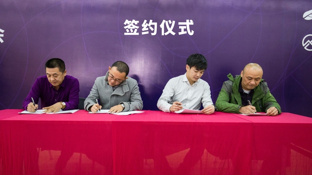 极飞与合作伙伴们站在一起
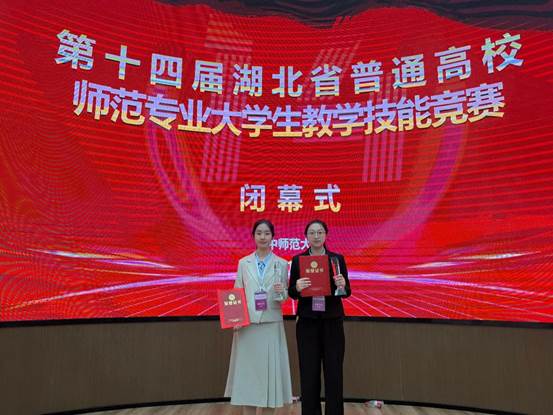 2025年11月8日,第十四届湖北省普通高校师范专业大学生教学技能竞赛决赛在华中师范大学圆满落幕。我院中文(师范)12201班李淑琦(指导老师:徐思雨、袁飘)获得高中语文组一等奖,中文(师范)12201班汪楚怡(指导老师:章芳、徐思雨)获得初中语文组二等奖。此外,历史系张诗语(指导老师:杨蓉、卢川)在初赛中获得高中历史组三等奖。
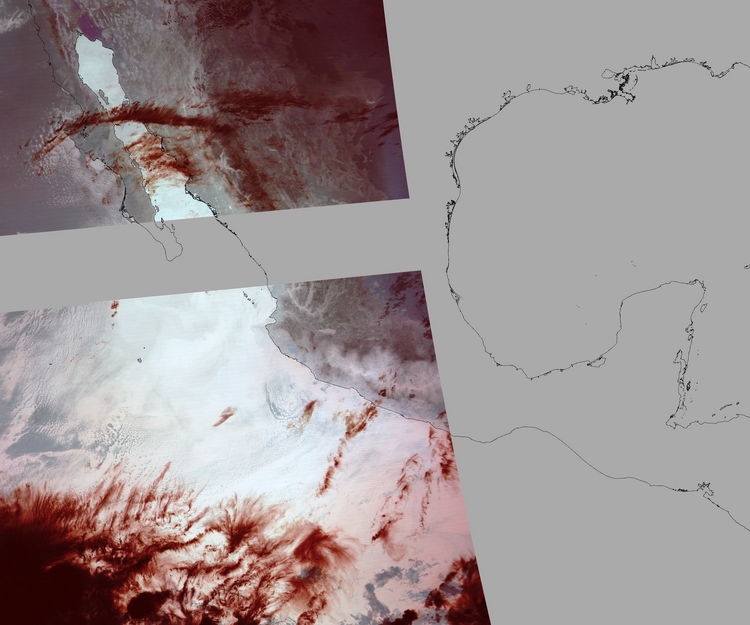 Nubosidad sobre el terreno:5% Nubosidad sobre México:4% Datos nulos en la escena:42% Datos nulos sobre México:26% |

* * * * * * * * *

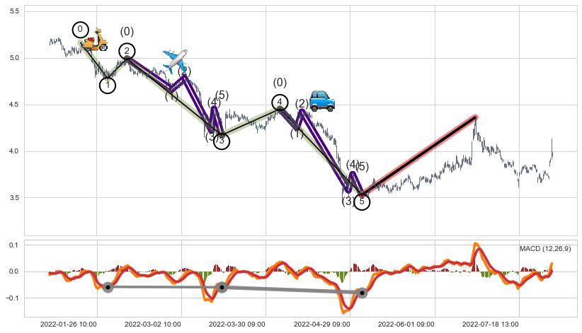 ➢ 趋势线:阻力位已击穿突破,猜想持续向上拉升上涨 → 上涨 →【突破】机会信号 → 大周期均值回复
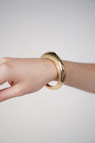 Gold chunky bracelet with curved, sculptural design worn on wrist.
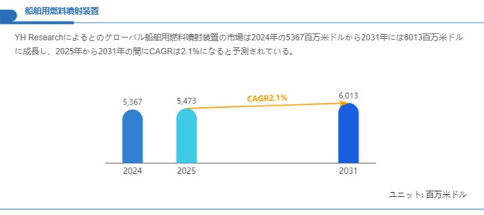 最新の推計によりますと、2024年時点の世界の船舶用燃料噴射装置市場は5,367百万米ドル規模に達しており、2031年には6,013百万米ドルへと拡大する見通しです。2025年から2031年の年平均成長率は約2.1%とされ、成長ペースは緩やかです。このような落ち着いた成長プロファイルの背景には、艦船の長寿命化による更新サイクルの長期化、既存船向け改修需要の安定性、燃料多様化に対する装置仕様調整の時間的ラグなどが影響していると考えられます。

* * * * * * * * *

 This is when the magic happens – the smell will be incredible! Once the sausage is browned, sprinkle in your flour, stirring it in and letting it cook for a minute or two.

* * * * * * * * *

[Exercise goal] Between and including the line with "极飞与合作伙伴们站在一起" and the line with "2025年11月8日,第十四", repeat every line exactly as it appears above, with pictures left out.

[Task solution]
 极飞与合作伙伴们站在一起
 2025年11月8日,第十四届湖北省普通高校师范专业大学生教学技能竞赛决赛在华中师范大学圆满落幕。我院中文(师范)12201班李淑琦(指导老师:徐思雨、袁飘)获得高中语文组一等奖,中文(师范)12201班汪楚怡(指导老师:章芳、徐思雨)获得初中语文组二等奖。此外,历史系张诗语(指导老师:杨蓉、卢川)在初赛中获得高中历史组三等奖。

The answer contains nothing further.